The one surviving track, Hen Wlad Fy Datcu (Land of My Grandfather), was an assassination of both the national anthem and the rules of mutation. The premise of the lyric was that, never mind our fathers, our country and its culture were still mired in the age of our grandfathers. A rambling interview accompanied our cacophony.

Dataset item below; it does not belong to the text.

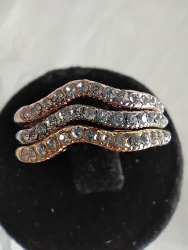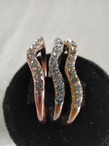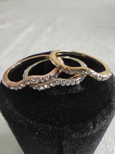 Três anéis de cores diferentes ( metal dourado, metal prateado, metal rose) cravejados de pedras de brilho em forma estilo. Nº18

Despite the censorship, the truncated session was actually broadcast the following Saturday morning. Richard Rees, the presenter, was a good sport, describing us as the “chwyldroadol” (revolutionary) Edward H. Böring! I cringed as I listened, both glad and mad that no one in my home was listening with me.

We did not capitalise on our small success. My great friend and former fellow pupil David Edwards of the truly pioneering Cardigan rock group, Datblygu, once told me that he had been inspired to start his music career by our example. Geraint and I went our separate ways, he to Charleville-Mézières in France in the footsteps of another of his heroes, Arthur Rimbaud, me to a Youth Opportunities Programme scheme at the local library. I consider my collaboration with him as a kind of apprenticeship, the beginnings of a need to conjure up some kind of literature, of not allowing the weight of having to earn a living erase all creative thoughts from my mind.